All approved, with one comment on the space-age PR.

Ping me when it is published :)


Great. Could you maybe explain how the reciprocal works? I have a general understanding, but don’t entirely understand it yet.

To check precision, we can use the following pair of examples:

2147419572 seconds is 282.53499 Mercury years, rounding to 28253 Mercury centi-years.
2147419724 seconds is 282.53501 Mercury years, rounding to 28254 Mercury centi-years.

An Earth centi-year is 315576 seconds, so a Mercury centi-year is 0.2408467 × 315576 ≈ 76005.4382 seconds.

What happens when we use integer division by 76005?

2147419572 ÷ 76005 gives 28253, remainder 50307
2147419724 ÷ 76005 gives 28253, remainder 50459
We might round the answers up because the remainders exceed half of 76005. Either way, one of the answers won’t be ideal.

The problem is with 76005, we are only using 17 bits of precision.

Instead of dividing, can we multiply by 1/76005.4382 ?

To use integer arithmetic, we will need to scale up 1/76005.4382 by some 2^n, and then remove the bottom n bits from the multiplication result.

Let’s try n=48

2^48 * 1/76005.4382 = 3703353120

This fits in 32 bits, provided we use unsigned arithmetic.

We don’t have negative ages in space customs forms, so let’s proceed.

When we multiply using MIPS, the 64 bit result is split across 2 registers.
2147419572 * 3703353120 gives HI 1851621310, LO 888586880
2147419724 * 3703353120 gives HI 1851621441, LO 1157545344

We need to remove the bottom 48 bits. 32 of those bits are LO, the other 16 are the bottom half of HI.

Let’s look at the top and bottom 16 bits of HI.
1851621310 splits as 28253 32702, in hexadecimal 0x6e5d 0x7fbe
1851621441 splits as 28253 32833, in hexadecimal 0x6e5d 0x8041

To round up when those bottom 16 bits are 2^15 or more, we can start by adding 2^15, and then we’ll discard the bottom 16 bits.

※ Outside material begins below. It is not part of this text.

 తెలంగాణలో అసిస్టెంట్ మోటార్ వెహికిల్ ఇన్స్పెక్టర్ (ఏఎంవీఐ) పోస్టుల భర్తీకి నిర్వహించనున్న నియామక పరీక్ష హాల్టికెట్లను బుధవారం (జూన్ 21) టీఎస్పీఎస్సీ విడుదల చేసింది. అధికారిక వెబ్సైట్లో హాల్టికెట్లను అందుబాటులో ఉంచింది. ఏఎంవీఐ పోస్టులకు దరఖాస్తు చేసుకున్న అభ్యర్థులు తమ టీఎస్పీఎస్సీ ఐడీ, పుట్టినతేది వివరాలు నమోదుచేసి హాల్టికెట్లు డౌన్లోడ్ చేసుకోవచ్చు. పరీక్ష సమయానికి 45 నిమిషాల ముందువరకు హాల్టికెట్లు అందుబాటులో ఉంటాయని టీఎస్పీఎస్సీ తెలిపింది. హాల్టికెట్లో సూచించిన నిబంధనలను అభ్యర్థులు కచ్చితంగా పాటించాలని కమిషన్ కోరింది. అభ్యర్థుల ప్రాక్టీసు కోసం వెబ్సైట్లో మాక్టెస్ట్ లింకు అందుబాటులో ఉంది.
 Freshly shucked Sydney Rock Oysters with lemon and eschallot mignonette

1851621310 + 2^15 = 1851654078, splits as 28253 65470, in hexadecimal 0x6e5d 0xffbe
1851621441 + 2^15 = 1851654209, splits as 28254 00065, in hexadecimal 0x6e5e 0x0041

We have the results 28253 and 28254 that we were seeking.

Here is a simpler example of the same technique:

Suppose we needed to divide by 5.3333333333…

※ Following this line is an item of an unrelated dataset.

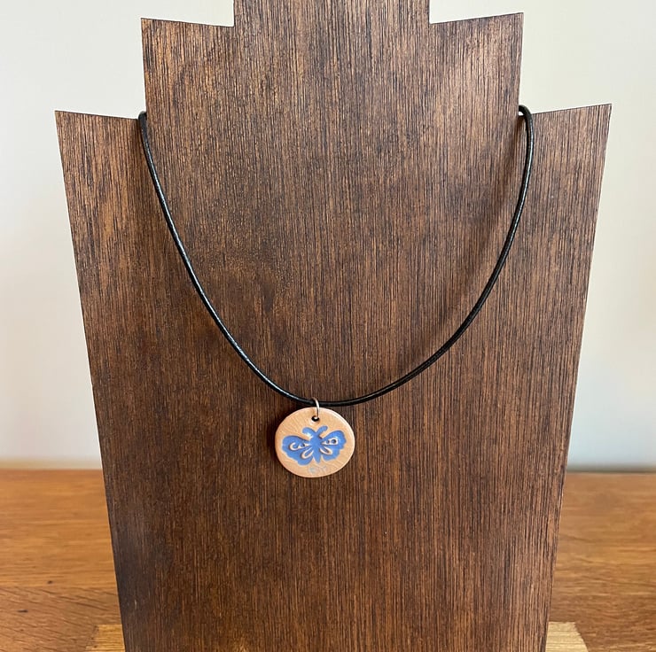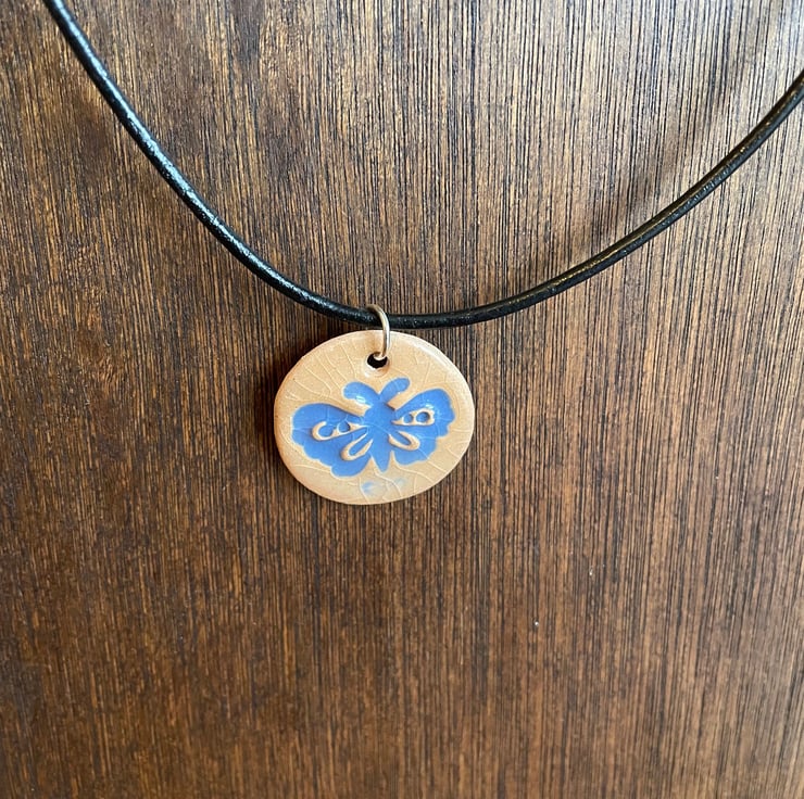 This handmade ceramic round pendant is embossed with a blue butterfly has been handcrafted and hand-painted with a sky blue glaze; finished with a clear glass sheen.

This is the same as multiplying by 0.1875

We can scale that up by 2^4: 0.1875 * 2^4 = 3

Now we can perform an integer multiplication.

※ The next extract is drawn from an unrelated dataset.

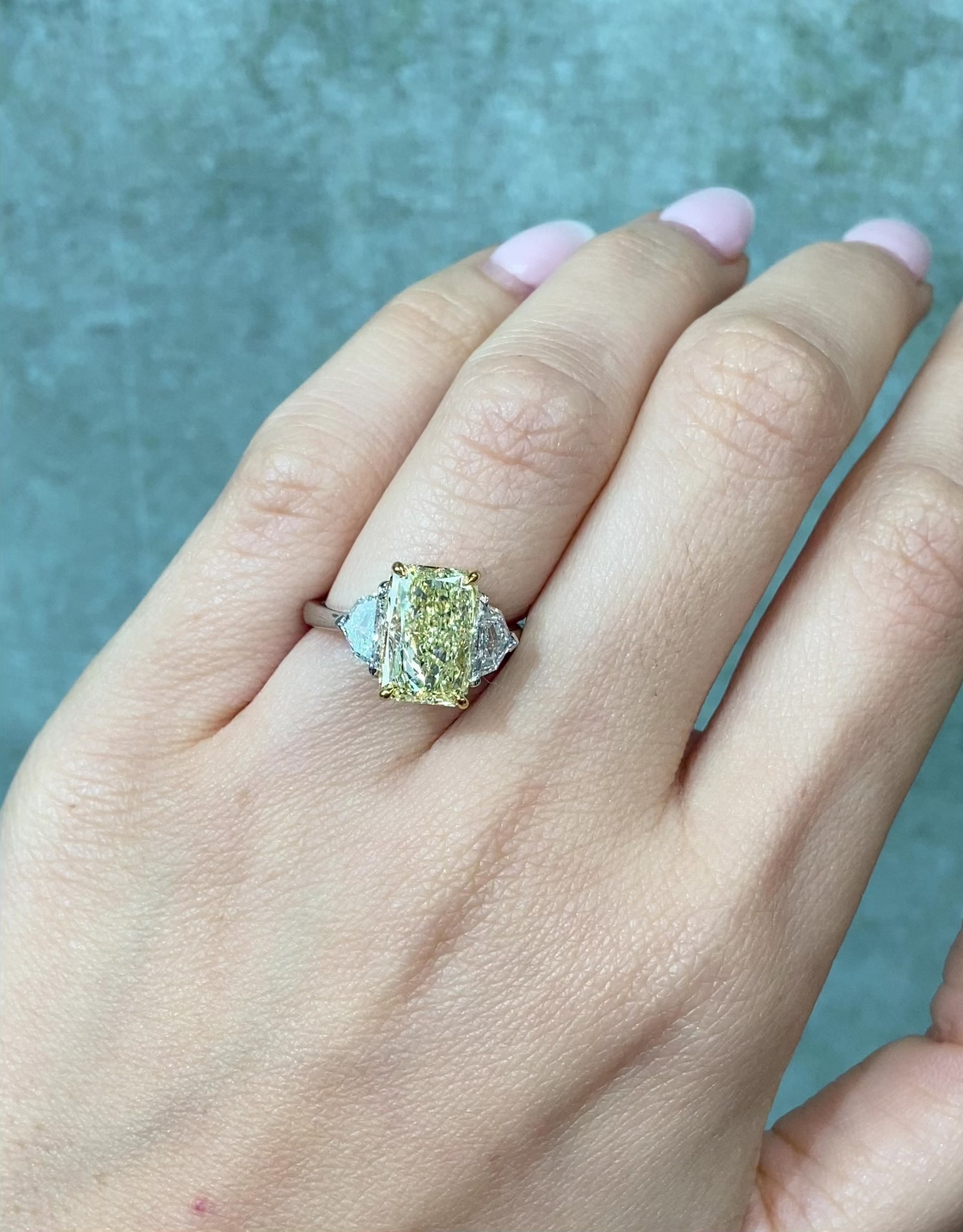 3.9ct Elongated Radiant Yellow Diamond Engagement Ring

As our last step, we will need to remove the bottom 4 bits from the result. Using the two registers from the MIPS multiplication result, we would conceptually have ((HI << 32) | LO) >> 4, which becomes (HI << 28) | (LO >> 4)

Adjustments can be made for rounding.

Thanks! That is really interesting.

With my new iteration, each planet uses its own scaling.